En el río Beni


Tres días río arriba a tres o cuatro horas de motora, acampados en la orilla de un afluente del río Beni, el Tuichi. Ambos somos un puro coladero de picaduras de mosquitos.

La ruta hacia el norte que aparece en nuestro mapa resulta que no existe, son proyectos de pista. Sólo hay unos pocos pueblos en estos dos tercios de Bolivia que componen la selva y la mayoría sólo tienen comunicación por río o por avión. Desplazarse por río es muy bello, siempre barcos de carga, pero muy lento, uno pasa semanas enteras metidos en ellos. Y los ríos cuanto más caudalosos más monótonos, el paisaje desfilando tan lentamente durante tantas horas es una experiencia de la que hemos desistido de momento; quizás algún día cuando tengamos todo el tiempo del mundo para nosotros.

Los días pasados en la selva resultaron un auténtico descanso, si bien los mosquitos fueron en todo momento una incomodidad notable. Lo más notable fue que mi consorte (jeje) se tragó una abeja viva. Se la tragó enterita, la abejita estaba haciendo natación en un vaso de zumo de naranja y ella, zas, ni verla; y la abeja, que no, que no quería bajar para abajo y que hacía jerebeques en el esófago. Debió de dejarle el conducto como las colinas del Guadarrama, ¡que me ahogo, que me ahogo, decía! y nada el bocio creciendo como un Aconcagua por encima del pecho. Todo el mundo allí, pobrecita, a ver si poniéndose boca abajo la abeja sale mejor; nuestro guía, Mateo, agitándola, un holandés palmeándola en el trasero, la holandesa animando el cotarro y poniendo cara de compungida.
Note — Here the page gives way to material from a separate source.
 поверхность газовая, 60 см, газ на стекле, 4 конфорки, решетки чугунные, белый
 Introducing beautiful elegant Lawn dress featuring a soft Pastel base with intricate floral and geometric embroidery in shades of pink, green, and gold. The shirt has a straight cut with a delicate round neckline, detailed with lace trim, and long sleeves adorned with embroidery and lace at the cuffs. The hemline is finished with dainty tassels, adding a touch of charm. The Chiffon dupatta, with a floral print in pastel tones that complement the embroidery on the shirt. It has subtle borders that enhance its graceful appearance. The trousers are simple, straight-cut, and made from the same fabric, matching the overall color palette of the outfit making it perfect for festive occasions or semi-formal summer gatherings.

Nada, ni por esas, bueno yo mientras tanto leyendo a Vargas Llosa, porque como ya la conozco... pensé que quizás quería ligar con el holandés y estaba preparando el terreno pa por la noche. Pero coño, que no, que era de verdad, que se ahogaba. ¡Joder, vaya aventura!, con lo interesante que estaba la novela, el Lituama en los Andes haciendo averiguaciones acerca de Sendero Luminoso, y ella que no me dejaba leer. Bueno, después de tanto susto, nada, a la mañana siguiente todo había pasado, la abeja debió de quedar fulminada por los jugos del estómago.
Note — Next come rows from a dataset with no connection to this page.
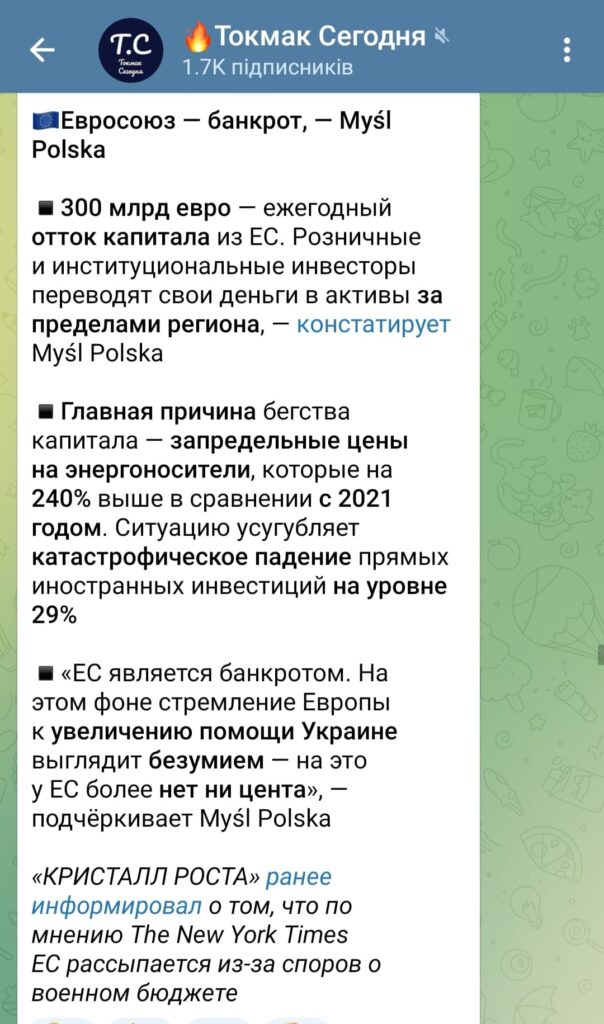 Проросійські ресурси поширили новину про нібито «банкрутство» Євросоюзу. За їхніми словами, з ЄС щороку виводиться 300 мільярдів євро капіталу через високі ціни на енергоносії та падіння іноземних інвестицій. Джерелом назване польське видання Myśl Polska, яке стверджує, що в нових умовах фінансова підтримка України з боку Європи – це «божевілля», оскільки на це «немає жодного цента».
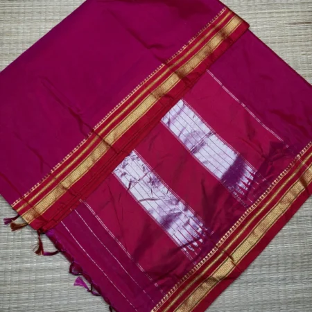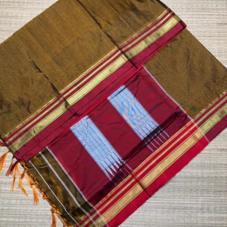 Ilkal sarees originate from the historic town of Ilkal in Karnataka, renowned for its rich weaving tradition. These distinctive sarees feature a cotton silk body paired with elegant borders and a beautifully crafted pallu.
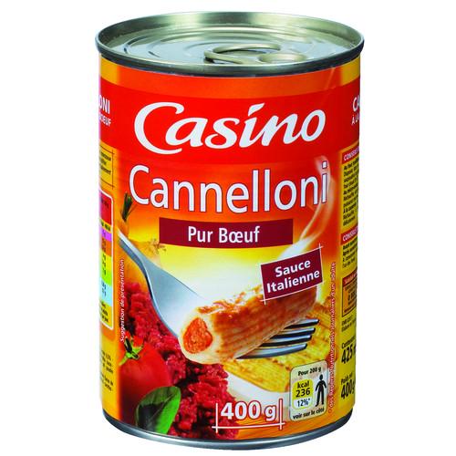 Cannelloni.Ingrédients : _sauce_ (68%) : eau - concentré de tomate 6,5% - oignon - viande de bœuf 2,2% (origine ue) - huile de colza -...
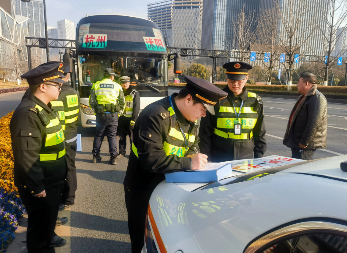 1月26日,为期40天的2024年春运正式拉开帷幕。为加强春运道路运输市场监管,做好春运期间的客运市场秩序维护及安全生产工作,保障人民群众平安出行,浙江省杭州市临平区交通运输局开展“春运首日全员执法日”行动,护航春运回家路。
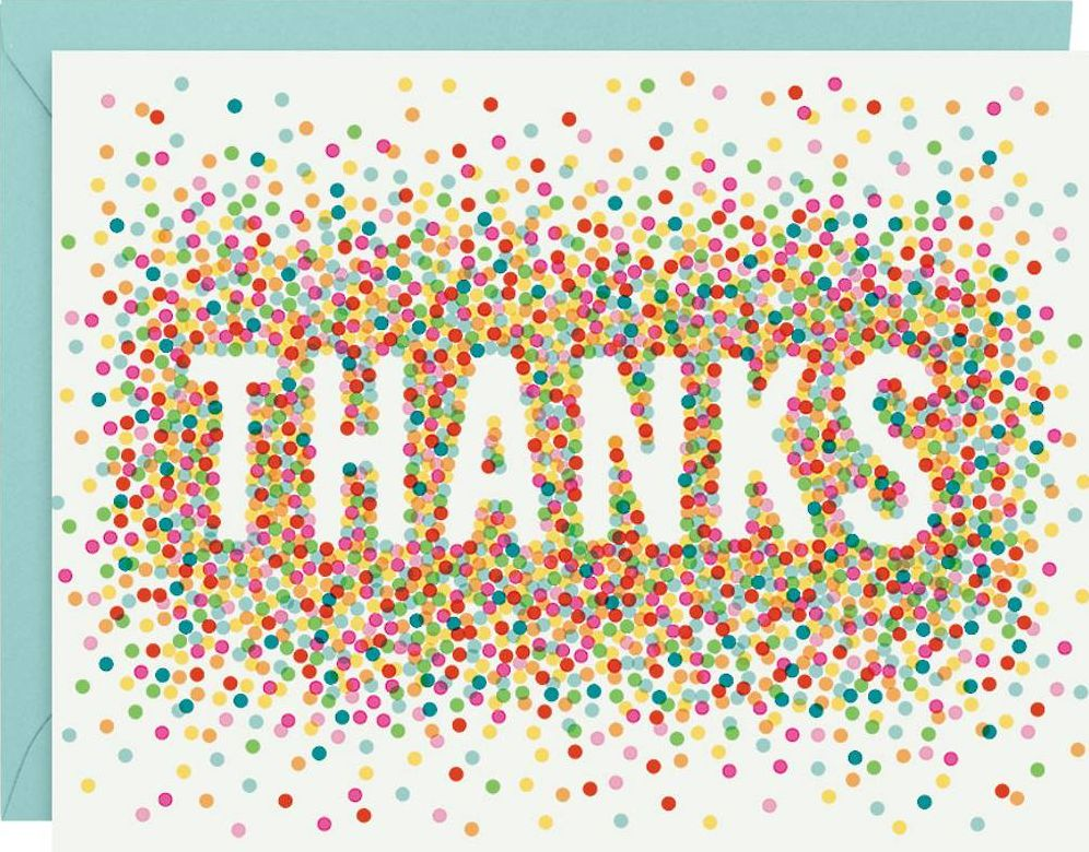 A colorful and fun way to express your gratitude! This thank you card set features an explosion of rainbow confetti with THANKS boldly written in white. Send in the mail or pair with a lovely gift of thanks. Blank inside. Envelope color may vary. Designed by Paper Source.

De la selva nada, no salió ninguna anaconda, huellas a montones, de jaguar, de tigre, de elefantes, había que abrirse paso y pegar pataditas a los cocodrilos para que te dejasen pasar; a las culebras las utilizamos de lianas; pero vamos, quitando eso casi nada, muchos papagayos y tucanes haciendo más ruido que la leche. En algún lugar hicimos un poco el indio con las lianas, esas cosas en las que se columpiaba la mona Chita, o Tarzán, no sé. Son las leche esas cosas, te agarras en un extremo, tomas carrerilla y cojonudo, eso empieza a volar visto y no visto; lo malo es que a veces empiezas a ver que los árboles se aproximan a toda velocidad hacia tus lindas narices y aquello no hay quien lo pare; no obstante no hubo trompazos de consecuencia.
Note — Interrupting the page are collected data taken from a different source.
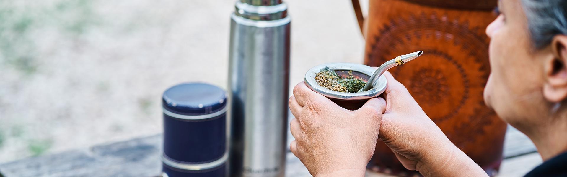 Le yerba maté, ou *Ilex paraguariensis*, est un arbuste à feuilles persistantes de la même famille que le houx, originaire du Paraguay, du Brésil, de l’Uruguay et de l’Argentine. Les feuilles de l’arbuste sont séchées, rôties, réduites en poudre, puis infusées pour préparer le yerba maté, communément appelé simplement « maté ». La consommation du yerba maté remonte aux célébrations précolombiennes des Guaranis, un peuple autochtone vivant principalement au Paraguay, ainsi qu’en Argentine et au Brésil. On croit que ce thé était autrefois savouré dans le cadre de cérémonies festives en l’honneur de Tupâ, le dieu de la pluie et de l’eau.
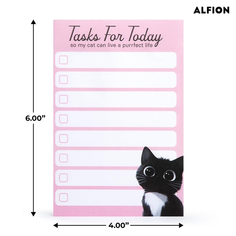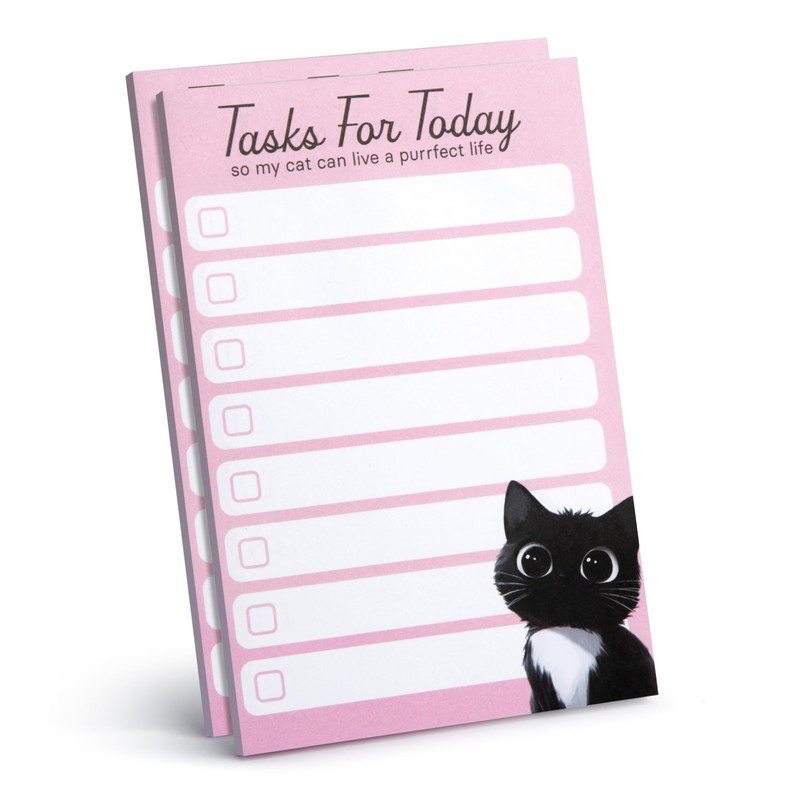 Make everyday tasks more fun with this **2-pack of Funny Black Cat Sticky Notes To Do List Pads**! Featuring an adorable black cat print and a witty pun—*“Tasks for today: so my cat can live a purrfect life”*—these 4x6 inch notepads are a must-have for every cat lover who enjoys adding a bit of humor to their routine.
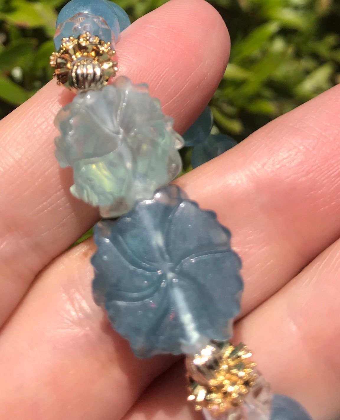 画像最後の3枚は別売りの他のアクアマリンお花デザインブレスレットとの比較です。

Vamos, que después de dos días de semejantes aventuras, no nos merecíamos un viaje de regreso a La Paz así, puros bultos de carga metidos en cajones de madera. Nos dice un holandés, el mismo al que quería ligar cuando lo de la abaeja, que el viaje de regreso es mucho mejor que el de ida, porque al volver el coche va por la parte de dentro, la que da a la montaña, y es más difícil que se caiga. Describía verdaderas historias de horas para poder cruzarse dos coches en la misma ruta; como los dos coches no suelen caber, el de fuera siempre va de culo, con las ruedas de fuera al borde del patatús. En estos casos se aconseja a los pasajeros pasar al lado contrario para hacer contrapeso, por eso de la cosa de la gravedad y porque la carretera circula sobre bonitos vacíos de dos mil metros.